Technical evaluation of the InBios Strongy Detect IgG ELISA assay for the diagnosis of Strongyloides stercoralis infection.

BACKGROUND

Strongyloidiasis is a neglected tropical disease (NTD) caused by the soil-transmitted helminth Strongyloides stercoralis, recently included in the 2030 targets of the World Health Organization for the control of STHs. Assessment of infection prevalence is fundamental for decision-making about the implementation of control programs, but diagnostic assays to be applied in such context require evaluation. Seroassays based on recombinant antigens, which could be produced in a standardized and scalable manner, are particularly appealing for use in control programs. In this study, we performed a technical evaluation of the InBios Strongy Detect IgG ELISA, based on recombinant antigens NIE and SsIR, which has shown promising for field use.

METHODS

A total of 46 plasma samples from Ethiopian children were used for this technical evaluation.

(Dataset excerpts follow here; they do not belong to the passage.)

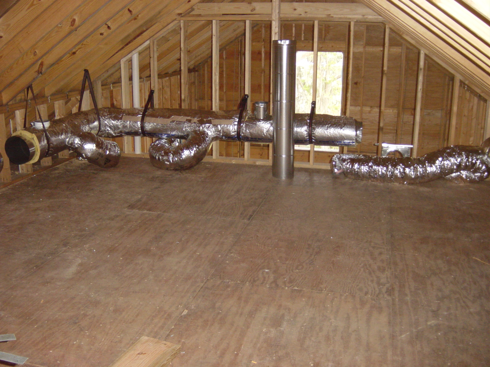 October 7, 2008 -- Heating and air conditioning rough-in started today. These ducts are over the master suite. | ![]() |
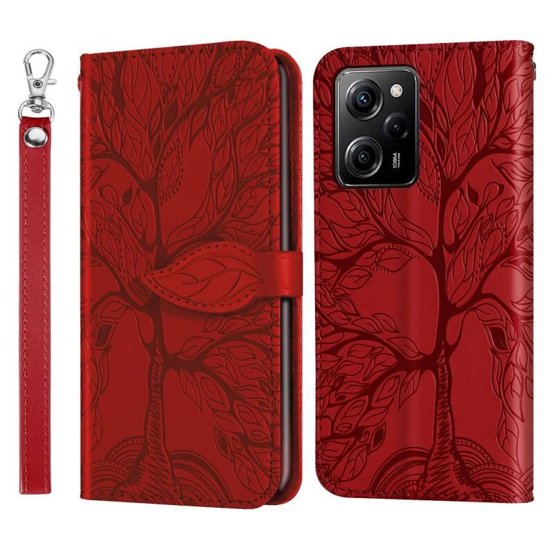 Για Xiaomi Poco X5 Pro Life Tree ανάγλυφο μοτίβο δερμάτινη θήκη τηλεφώνου (Κόκκινο)
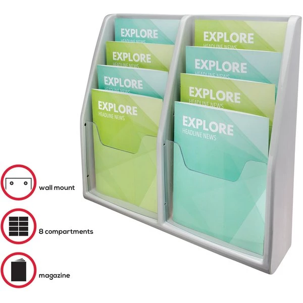 Literature Displays,8 Cmprtmnt,Grey, PK2

Repeatability was evaluated on duplicate samples per plate, on four plates per day for 3 days using Bland-Altman plots, analysis of residuals, and variance components analysis. Three samples were selected for evaluation of the uniformity of test results within a single plate (border effect) by two-sided t-test. Correlation between samples and internal ELISA positive controls was analyzed using Spearman's rank correlation coefficient applied on the results of 777 samples analyzed with the assay in a previous field-based study.

RESULTS

Within and between plate residuals ranged from -0.05 to + 0.05 and -0.1 to + 0.1, respectively. Total variance was estimated at 0.327; 99.6% of variation could be attributed to the samples. There was no systematic border effect and a negligible correlation between positive internal control and samples results (R = 0.213; p < 0.001).

CONCLUSION

The results obtained in this study, in highly controlled conditions, point toward the InBios Strongy Detect IgG ELISA assay being reproducible, with no systematic border effect. These results encourage further assay's development and evaluation for use in practice, including determination of preset cutoff values for positivity, which is currently not provided.